Setting Up AD Authentication and Data Authorization for Azure Gen 2 Storage
Qubole on Azure supports Azure Active Directory (AD) for both user access control and data authorization. With these in place, you can on-board users to Qubole on Azure and have these users retain their existing Azure data-access policies directly in QDS. This is possible because when a user authenticates with QDS via AD, QDS retains the OAuth token returned by Active Directory for the duration of the QDS user’s session, and uses this when executing any command via the API.
AD integration with QDS can deployed in two ways:
AD Authentication only. In this case, AD is only used for Single Sign-On (SSO).
AD Authentication and data authorization. In this case the default storage location for data output from QDS must be set to ADLS Gen2.
Setting Up AD Authentication Only
Create a Qubole Support ticket asking Qubole to enable AD authentication for your QDS account and add a new control for the email domain users who will be accessing the platform via AD.
Once this is done, AD authentication is in effect for your QDS account, and SSO is enabled. Users should choose the Sign in with Azure Active Directory option when they log in to QDS:
Setting Up AD Authentication and Data Authorization
Create a Qubole Support ticket asking Qubole to enable AD authentication for your QDS account and add a new control for the email domain users who will be accessing the platform via AD.
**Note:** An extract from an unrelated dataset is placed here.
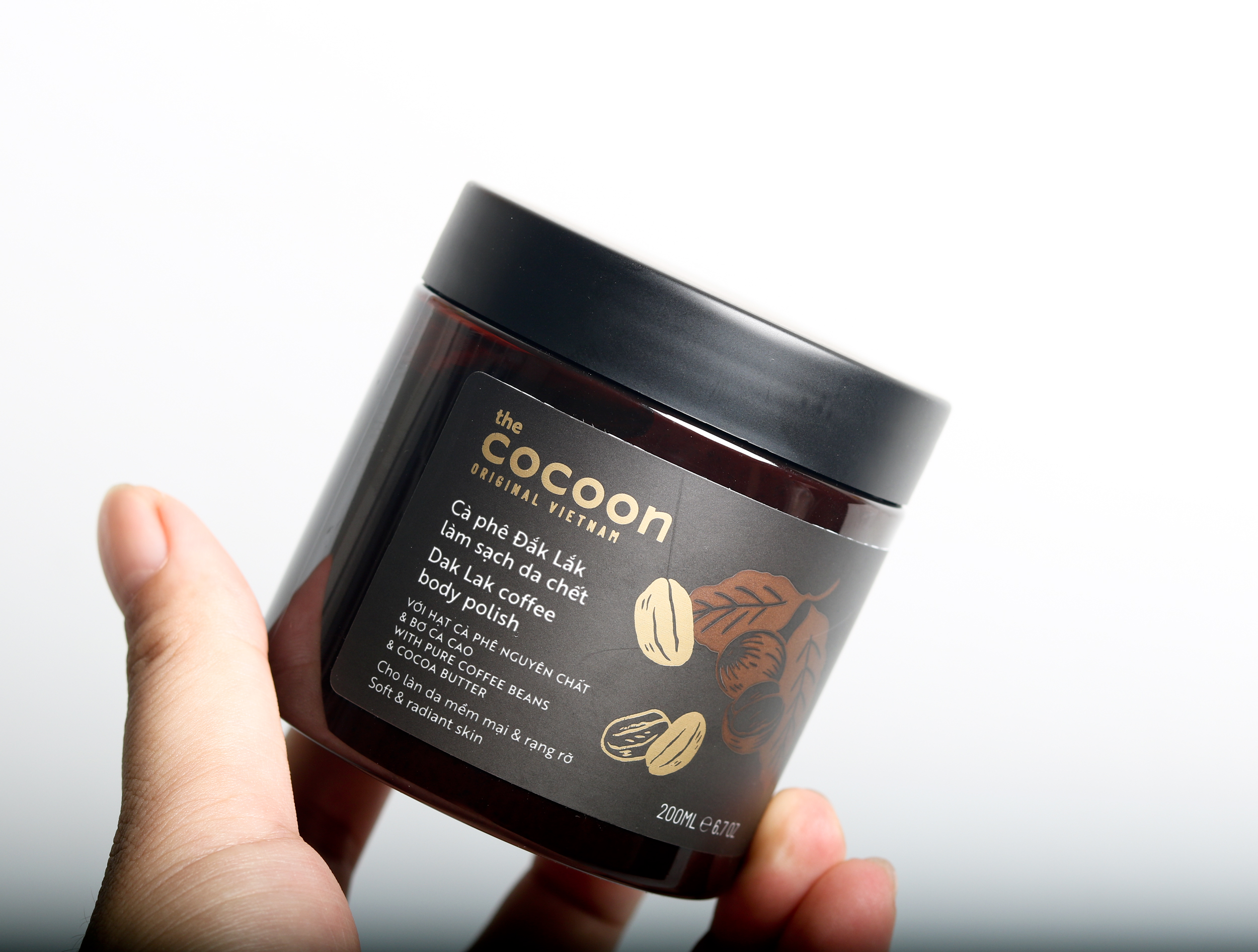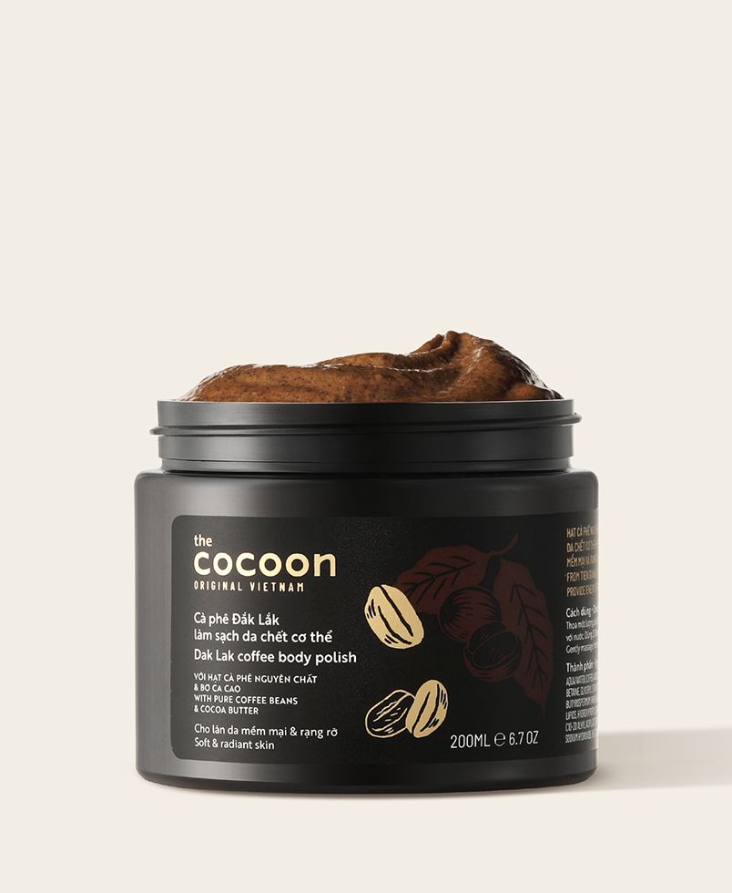 - Không vi hạt nhựa (no micro plastic beads) Cách dùng Cà phê Đăklăk làm sạch da chết: Thoa một lượng sản phẩm lên da ướt. Mát-xa nhẹ nhàng từ cổ đến chân, sau đó tắm sạch lại với nước. Dùng 2-3 lần một tuần để đạt kết quả tốt nhất. Thành phần đầy đủ Cà phê Đăklăk làm sạch da chết: Aqua/Water, Coffea Arabica (coffee) Seed Powder, Cetearyl Alcohol, Cocos Nucifera (coconut) Oil, Cocamidopropyl Betaine, Glyceryl Stearate, C15-19 Alkane, Glycerin, Ceteareth-20, Ceteareth-12, Theobroma Cacao (Cocoa) Seed Butter, Butyrospermum Parkii (shea) butter, Cetyl Palmitate, Glycine Soja (soybean) Sterols, Phospholipids, Glycolipids, Hydroxypropyl Starch Phosphate, Glycine Soja (Soybean) Oil, Parfum, Acrylates/C10-30 Alkyl Acrylate Crosspolymer, Tocopheryl Acetate, Xanthan gum, Phenoxyethanol, Sodium Hydroxide, BHT, Ethylhexylglycerin, Trisodium Ethylenediamine Disuccinate. Hạn sử dụng: 3 năm kể từ ngày sản xuất, in trên chai. Mở nắp dùng trong 12 tháng. Sản phẩm của The cocoon original VietNam

In the Azure portal, navigate to the Qubole App registration and ensure that it has the following API permissions set: *
User.Read
on Azure Active Directory Graph *User_impersonation
on Azure StorageClick on the Grant consent… button in the API Permissions window to make sure that admin permissions have been granted to the Qubole App:
Under Authentication, set the reply URL for the app registration:
Note
The type is Web and the URL should be set to https://azure.qubole.com/users/auth/azure_oauth_cloud/callback
Authorized users should now be able to sign in to QDS using Azure AD authentication.
Log in to the QDS UI using the Sign in with Azure Active Directory option:
Navigate to the Account Settings page and scroll down to Storage Settings:
You should now see Data Lake Gen2 with Azure AD as a Storage Service option in the drop-down list. When you select it, you also need to select either:
AD Service Principal - select this for shared data access policies; OR
Per-user AD tokens - select this for per-user data access policies.
After making your selection, click Save. QDS should now be ready to start up a cluster. All jobs run via the API will now use the user’s or the Service Principal’s token, depending on which option you selected.